Establishment of dexamethasone model as a model for metabolic-associated hepatic injury in male Wistar rats

Document Type : Original research papers


1 Department of Pharmacology and Biochemistry, Faculty of Pharmacy, Delta University for Science and Technology, International Coastal Road, Gamasa City, Dakahliya, 11152, Egypt

2 Department of Pharmacology and Toxicology, Faculty of Pharmacy, Mansoura University, Mansoura, 35516, Egypt

3 Department of Pharmacology and Toxicology, Faculty of Pharmacy, Mansoura University, 35516, Mansoura, Egypt.

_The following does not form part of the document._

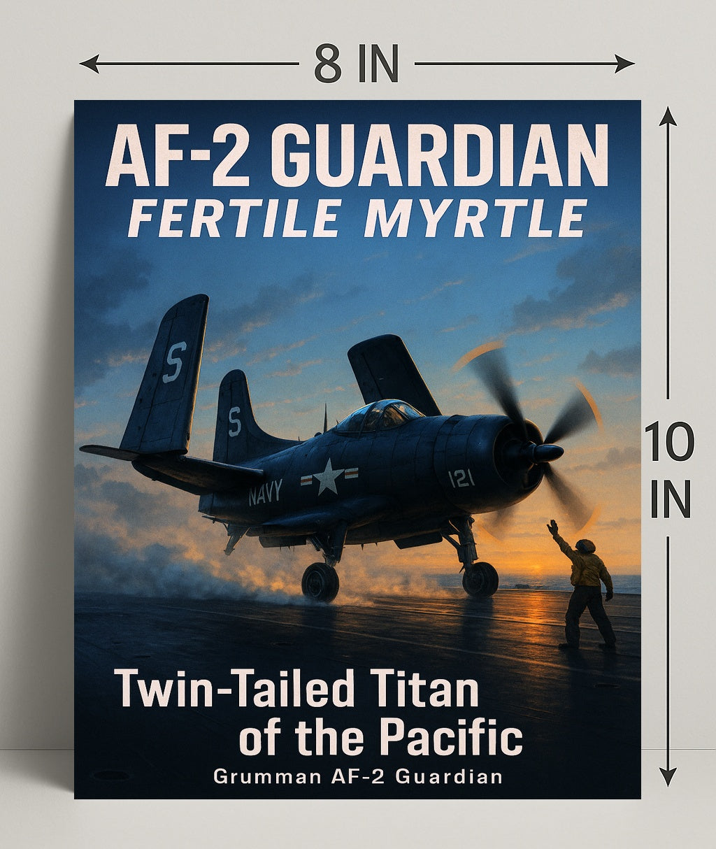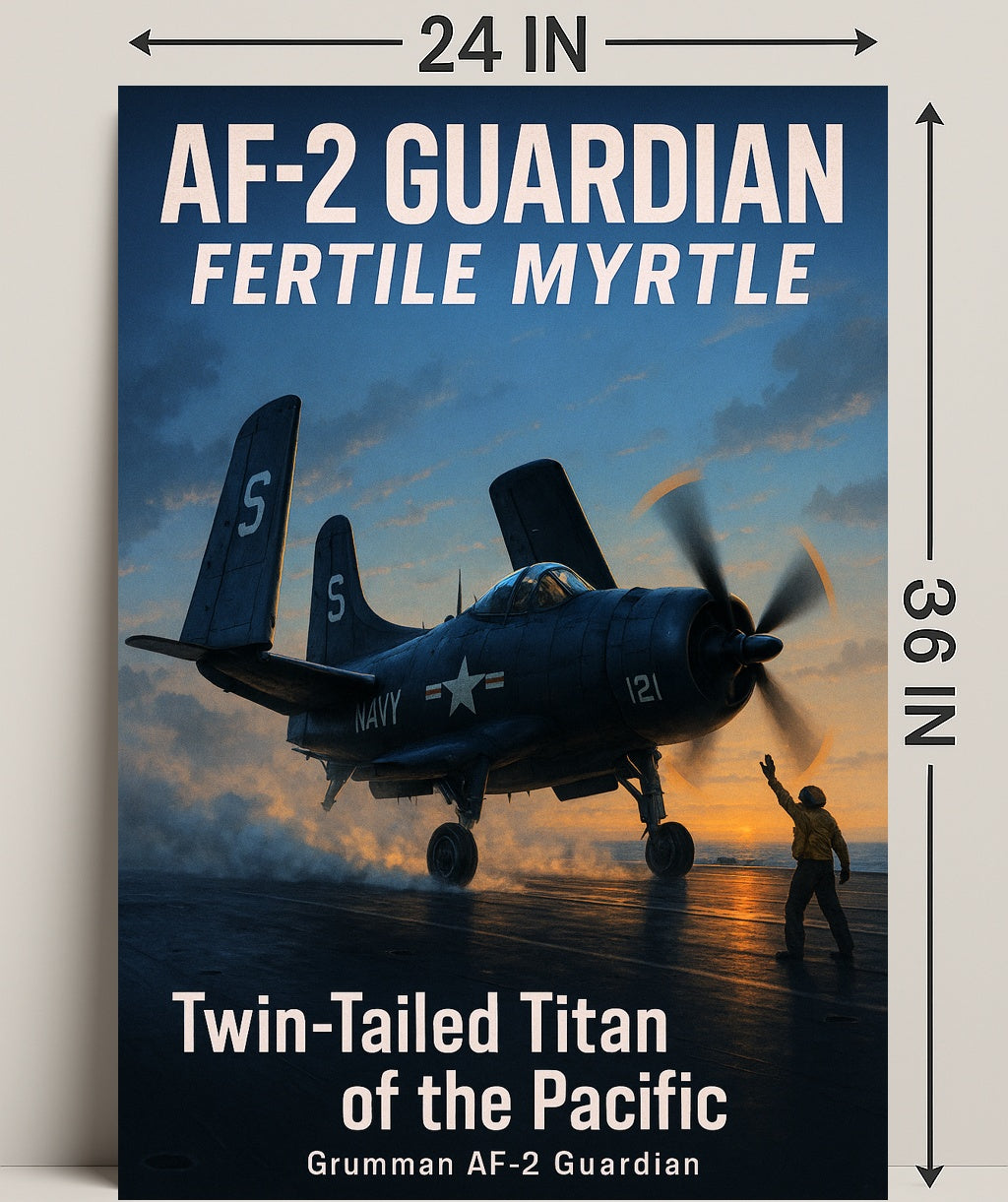 Capture the drama of naval aviation with the AF-2 Guardian Twin-Tailed Titan of the Pacific Poster from PosterGoat — a high-quality art print that brings vintage aviation charm and cinematic sunset lighting to any wall. This striking poster features the iconic Grumman AF-2 Guardian on a carrier deck at dusk: twin tails silhouetted against a deepening sky, a spinning propeller throwing warm rim light, and a lone deckhand signaling beneath steam and reflective flight-deck sheen.

This study aimed to establish a dexamethasone model as a representative model for metabolic-associated hepatic injury in male Wistar rats. dexamethasone is a synthetic glucocorticoid with potent anti-inflammatory effects and high glucocorticoid activity. The model was developed to induce insulin resistance and nonalcoholic fatty liver disease in a relatively short period.
Male Wistar rats were allotted into three groups: control, DEX8, and DEX16. The rats of DEX8 and DEX16 groups were injected intraperitoneally with dexamethasone for 6 days at doses of 8 mg/kg/day and 16 mg/kg/day, respectively. Fasting blood glucose levels were measured, and various biochemical parameters were analyzed. Liver sections were collected and examined for histopathological changes.
The results showed that dexamethasone administration significantly increased fasting blood glucose levels compared to the control group. Liver indices were also significantly elevated in the dexamethasone-administered groups. Moreover, serum alanine aminotransferase and aspartate aminotransferase activities were significantly increased in the dexamethasone groups, indicating liver damage. Histopathological examination revealed hydropic degeneration, portal edema, leukocyte infiltration, and fibrosis in the liver sections of dexamethasone-treated rats.
These findings demonstrate that the dexamethasone model successfully induced metabolic-associated hepatic injury in male Wistar rats, as evidenced by hyperglycemia, altered liver indices, increased liver enzymes, and histopathological changes resembling NASH. The model provides a valuable tool for studying the pathophysiology of metabolic liver diseases and evaluating potential therapeutic interventions. It offers a convenient and time-efficient approach to investigate the effects of dexamethasone and develop strategies to mitigate its adverse effects on liver function.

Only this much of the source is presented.